Output the data below exactly, without images.

____ THE DATA

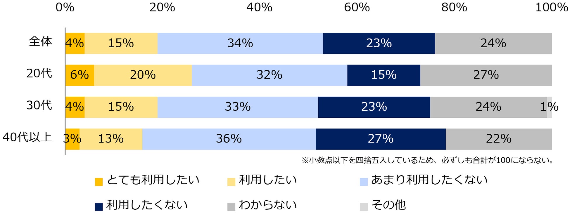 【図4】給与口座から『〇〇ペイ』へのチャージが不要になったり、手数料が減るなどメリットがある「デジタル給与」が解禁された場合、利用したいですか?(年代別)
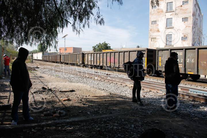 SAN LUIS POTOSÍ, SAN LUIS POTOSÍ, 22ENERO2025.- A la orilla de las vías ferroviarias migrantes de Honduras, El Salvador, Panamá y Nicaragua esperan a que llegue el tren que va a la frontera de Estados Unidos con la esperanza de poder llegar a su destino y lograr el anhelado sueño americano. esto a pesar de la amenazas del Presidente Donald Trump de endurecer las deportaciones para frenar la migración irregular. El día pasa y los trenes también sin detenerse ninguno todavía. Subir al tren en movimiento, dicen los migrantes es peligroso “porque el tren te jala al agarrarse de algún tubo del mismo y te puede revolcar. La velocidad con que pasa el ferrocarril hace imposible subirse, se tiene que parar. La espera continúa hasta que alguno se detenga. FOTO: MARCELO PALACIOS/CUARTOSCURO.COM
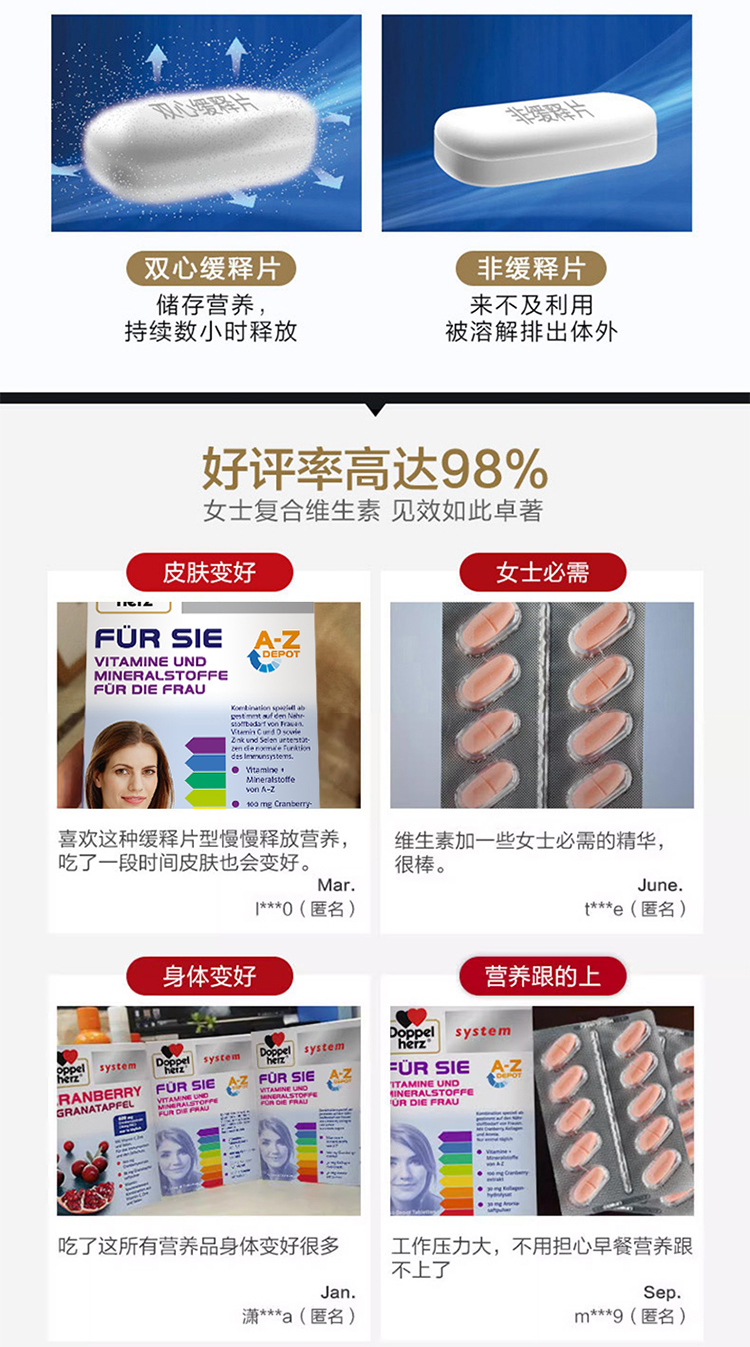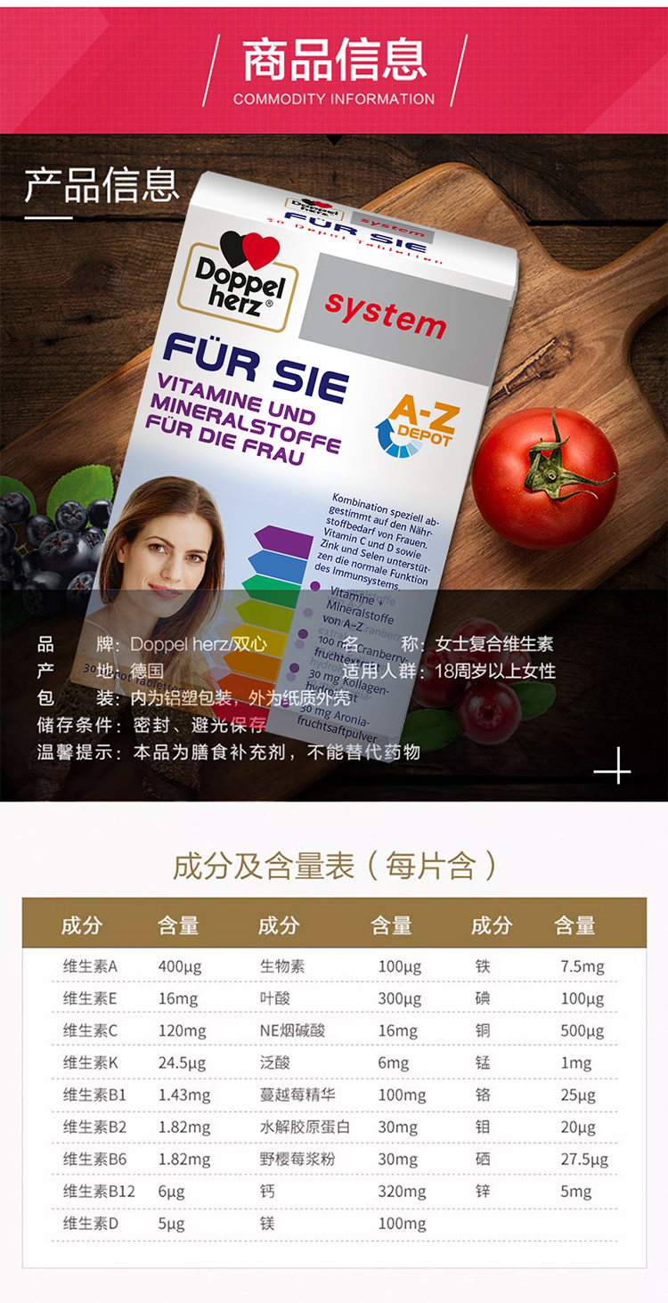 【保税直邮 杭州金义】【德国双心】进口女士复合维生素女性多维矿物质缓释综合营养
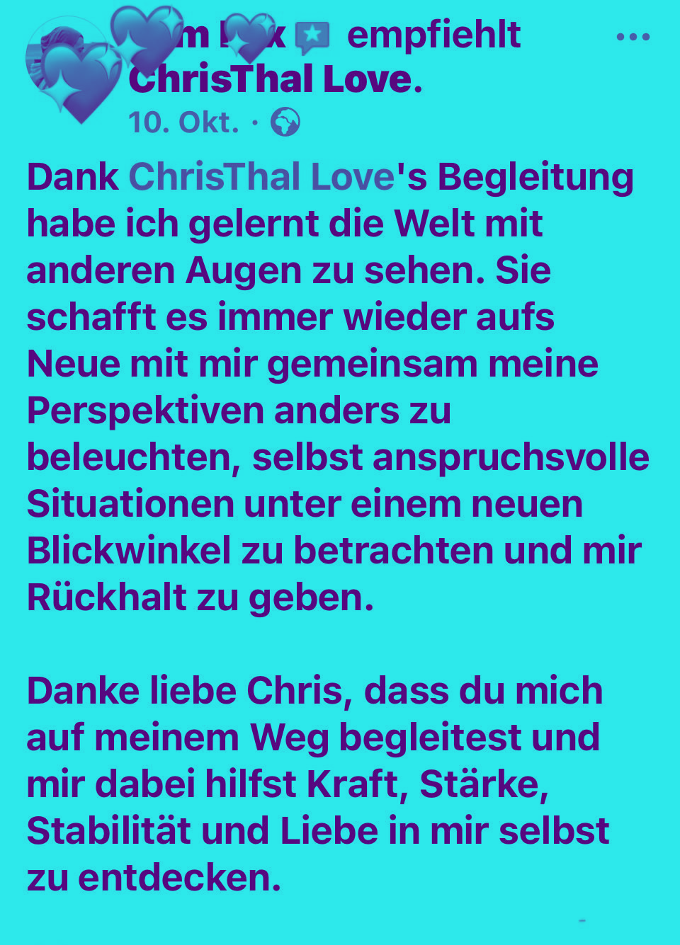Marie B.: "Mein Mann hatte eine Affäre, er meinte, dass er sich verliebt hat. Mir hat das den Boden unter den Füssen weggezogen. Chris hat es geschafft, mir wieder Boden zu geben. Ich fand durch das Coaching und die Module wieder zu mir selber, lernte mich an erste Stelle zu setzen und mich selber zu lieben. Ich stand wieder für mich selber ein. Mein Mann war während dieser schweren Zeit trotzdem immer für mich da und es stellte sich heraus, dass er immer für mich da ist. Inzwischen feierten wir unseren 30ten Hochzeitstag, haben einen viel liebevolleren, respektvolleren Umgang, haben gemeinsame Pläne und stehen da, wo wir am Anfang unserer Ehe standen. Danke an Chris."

________

### ANSWER TO THIS TASK
 【図4】給与口座から『〇〇ペイ』へのチャージが不要になったり、手数料が減るなどメリットがある「デジタル給与」が解禁された場合、利用したいですか?(年代別)
 SAN LUIS POTOSÍ, SAN LUIS POTOSÍ, 22ENERO2025.- A la orilla de las vías ferroviarias migrantes de Honduras, El Salvador, Panamá y Nicaragua esperan a que llegue el tren que va a la frontera de Estados Unidos con la esperanza de poder llegar a su destino y lograr el anhelado sueño americano. esto a pesar de la amenazas del Presidente Donald Trump de endurecer las deportaciones para frenar la migración irregular. El día pasa y los trenes también sin detenerse ninguno todavía. Subir al tren en movimiento, dicen los migrantes es peligroso “porque el tren te jala al agarrarse de algún tubo del mismo y te puede revolcar. La velocidad con que pasa el ferrocarril hace imposible subirse, se tiene que parar. La espera continúa hasta que alguno se detenga. FOTO: MARCELO PALACIOS/CUARTOSCURO.COM
 【保税直邮 杭州金义】【德国双心】进口女士复合维生素女性多维矿物质缓释综合营养
Marie B.: "Mein Mann hatte eine Affäre, er meinte, dass er sich verliebt hat. Mir hat das den Boden unter den Füssen weggezogen. Chris hat es geschafft, mir wieder Boden zu geben. Ich fand durch das Coaching und die Module wieder zu mir selber, lernte mich an erste Stelle zu setzen und mich selber zu lieben. Ich stand wieder für mich selber ein. Mein Mann war während dieser schweren Zeit trotzdem immer für mich da und es stellte sich heraus, dass er immer für mich da ist. Inzwischen feierten wir unseren 30ten Hochzeitstag, haben einen viel liebevolleren, respektvolleren Umgang, haben gemeinsame Pläne und stehen da, wo wir am Anfang unserer Ehe standen. Danke an Chris."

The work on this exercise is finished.